Je suis comblé par les descriptions olfactives de ce monde (Paris, et un petit tour de la France) du XVIIIe siècle. Je trouve la structure narrative très accomplie (et classique), la chute passionnante et imprévisible, le dosage entre l'épaisseur du héros et des personnages secondaires juste (peut-être y a-t-il un peu trop de Baldini par rapport à Grenouille dans la partie où ils sont ensemble), le cadre toujours bien soigné, ainsi qu'admirable la vraisemblance psychologique de chaque personnage et situation.
Juste deux aspects m'ont un peu gêné :
1) J'ai trouvé bien plus marqué que nécessaire le jugement porté sur Grenouille, parfois comme un véritable refrain moralisateur, d'autant moins justifié que son premier meurtre intervient très tôt dans l'histoire; lisez seulement: "En vérité, Grenouille, la tique solitaire, cet être abominable, ce monstre de Grenouille, qui n'avait jamais éprouvé l'amour et ne put jamais l'inspirer..." (p. 268 !) et avouez que ça fait penser au ton d'un (mauvais) conte pour enfant lorsqu'apparaît le méchant (et là, la fin approche déjà...). A l'inverse, je suis persuadé que le personnage de Grenouille possède un immense potentiel de complexité psychologique, que justifie d'ailleurs toute la trame (sa recherche du parfum qui le rendra aimable, essentiellement une quête identitaire, puisque son cauchemar et son premier traumatisme d'enfance consistent justement à ne pas posséder d'odeur, à ne pas être, selon le seul paramètre de d'être qu'il maîtrise...). Une seule fois cette complexité est suggérée:
"Lui, Jean-Baptiste Grenouille, né sans odeur à l'endroit le plus puant du monde, issu de l'ordure, de la crotte et de la pourriture, lui qui avait poussé sans amour et vécu sans la chaleur d'une âme humaine, uniquement à force de révolte et de dégoût, petit, bossu, boiteux, laid, tenu à l'écart, abominable à l'intérieur comme à l'extérieur : il était parvenu à se rendre aimable aux yeux du monde." (p. 334) Les autres personnages sont abjectes parce que leurs motifs sont mesquins; il est abominable mais son motif est tragique.
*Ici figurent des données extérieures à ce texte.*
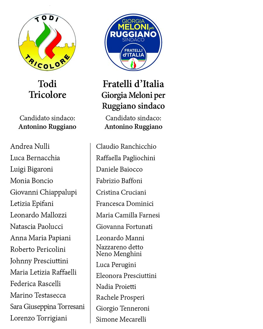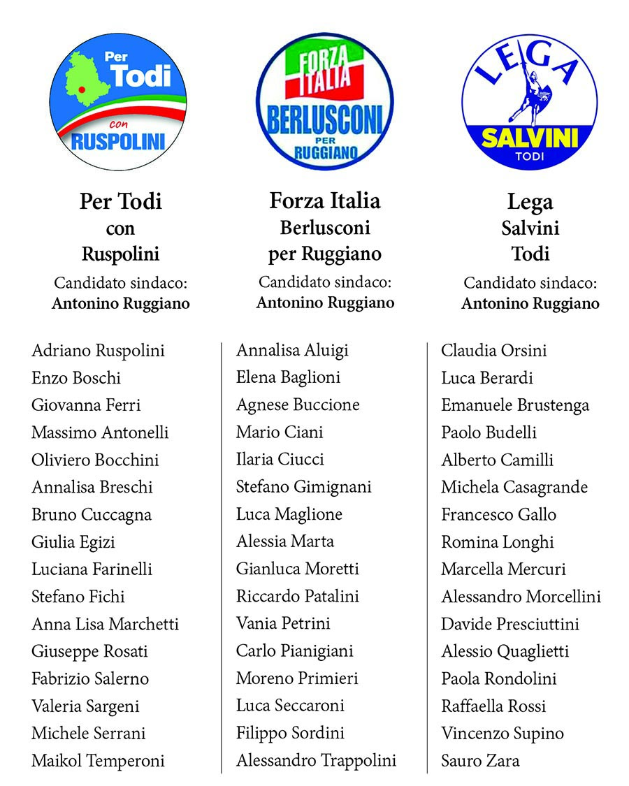 Cinque le liste a sostegno: Per Todi con Ruspolini, Forza Italia, Lega Salvini Todi, Todi Tricolore e Fratelli d'Italia
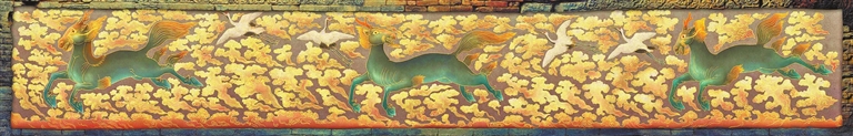 该壁画作为北宋东京城地标建筑的核心装饰,直观呈现了12世纪中国石雕艺术的巅峰水平。其宏大规模证实了汴河漕运枢纽的繁荣程度,壁画中仙鹤与海马的组合突显宋代“天人感应”的祥瑞观念。

2) Je ne comprends vraiment pas la fonction narrative des sept années de vie larvaire passées dans la caverne inodore (sans odeur animale). J'ai pensé à la métaphore foetale, à tout ce qu'on peut imaginer comme connotation du sous-sol (mort, inconscient, enfer, purification, alchimie...), à la traversée du désert, à l'inverse des Lumières (ce qui aurait un peu de sens compte tenu de la suite, i.e. théorie fluidiale de Taillade-Espinasse - autre personnage très bien vu), au sommeil culminant dans le fameux cauchemar de la brume; j'ai songé aux "souilles des pécaris" de Vendredi ou les Limbes du Pacifique (Michel Tournier)... Et pourtant rien ne me satisfait. Pour moi, c'est vraiment une parenthèse encombrante dont la clôture, forcément, est le seul moment invraisemblable et strident du livre.
Est-ce que vous, nombreux lecteurs de ce roman, avez des idées à ce sujet? Est-ce que dans le film (pour ceux qui l'ont vu) cette partie est présente et a-t-elle de l'importance? Merci de vos suggestions/inspirations/propositions.